WIP 63 - Survey of Disordered Eating Behaviors in Resident Physicians
Saturday, April 26, 2025
2:30pm – 4:45pm HST
Publication Number: WIP 63.7562
Maisha Z. Khan, University of Maryland Medical Center, Baltimore, MD, United States; Aparna Sethumadhavan, University of Maryland School of Medicine, Baltimore, MD, United States; Rebecca Carter, University of Maryland School of Medicine, Baltimore, MD, United States
Resident University of Maryland Medical Center Baltimore, Maryland, United States
Background: Physicians, including those in training, have increased risk of mood disorders, (Medisauskaite et al), and those with mood disorders have increased risk of co-morbid eating disorders (Verma et al). This suggests resident physicians are at increased risk for disordered eating and eating disorders. There are limited data regarding rates of eating disorders in US resident physicians; despite some evidence of elevated eating disorder rates in medical students (Goto et al).

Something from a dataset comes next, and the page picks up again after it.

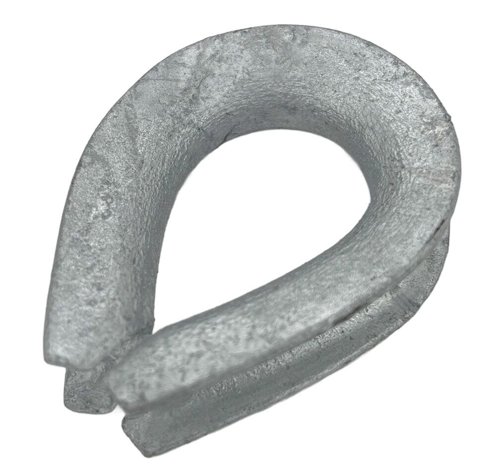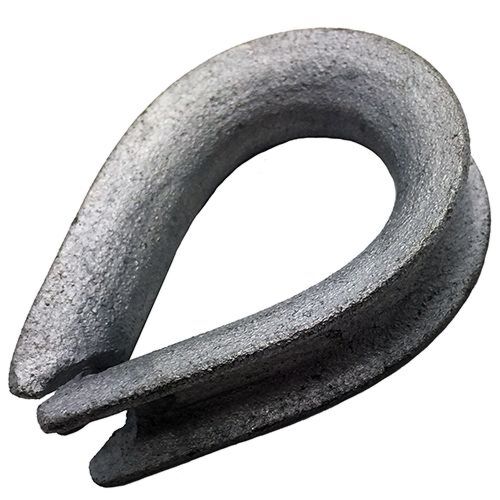 Hot dipped galvanised steel wire rope heart shaped thimbles to BS 464 specification.
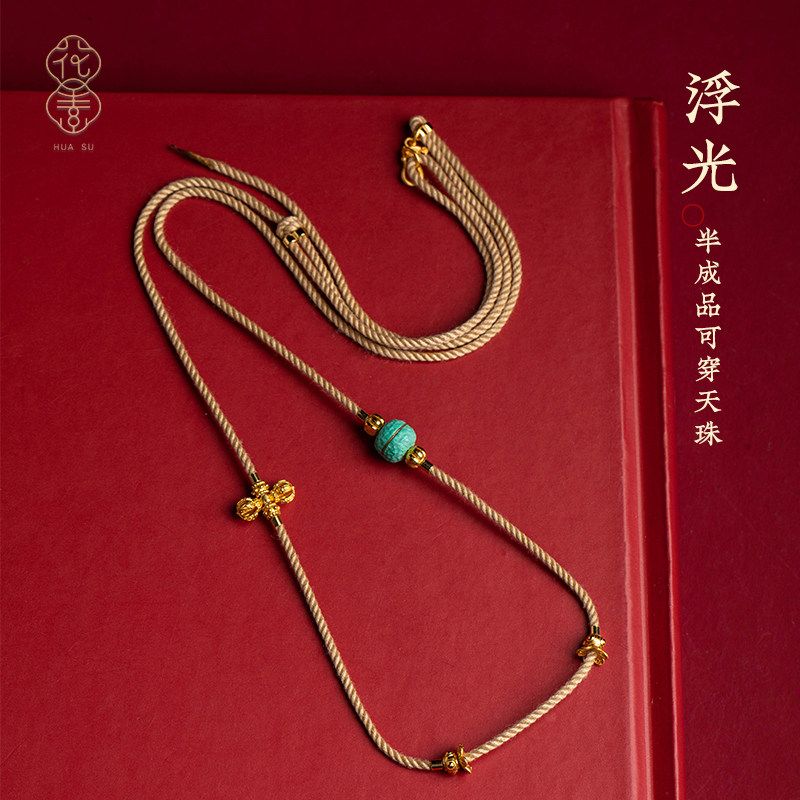高端横穿天珠挂绳女款DIY半成品绿松石手工编绳项链万能锁骨链绳

Additionally, there is notable variability between residents, the differences in lifestyle between a surgical and pediatric resident, for instance, with further variability between training years. Thus, stratified data by specialty, lifestyle, and post-graduate year will identify nuances and risk profiles to optimize trainee disordered eating interventions. Objective: The study aims to better understand disordered eating prevalence in resident physicians and identify barriers to healthy eating in this group. With these data, the goal is to develop interventions for early career physicians and their ability to provide quality care. Design/Methods: An observational survey assessing disordered eating behaviors and co-morbid mood disorders was adapted from DSM-5 eating disorder diagnostic criteria and validated screens (PHQ2 and GAD7). Self-reported barriers to healthy eating were also surveyed. Residents at a large, urban academic center were surveyed; Anesthesia, Family Medicine, Internal Medicine, Combined Medicine-Pediatrics, Pediatric Emergency Medicine, and Pediatric residents were the initial respondent cohort. Analysis will have sub-group stratification of findings by training year, program, and mood disorder symptoms. Data collection closed in October 2024, with analysis completion expected by January 2025, followed by data presentation to programs and intervention development. The Institutional Review Board (IRB) deemed the study exempt from IRB approval. Participation was voluntary after informed consent, confidential, with participants given support resources pending formal intervention programs.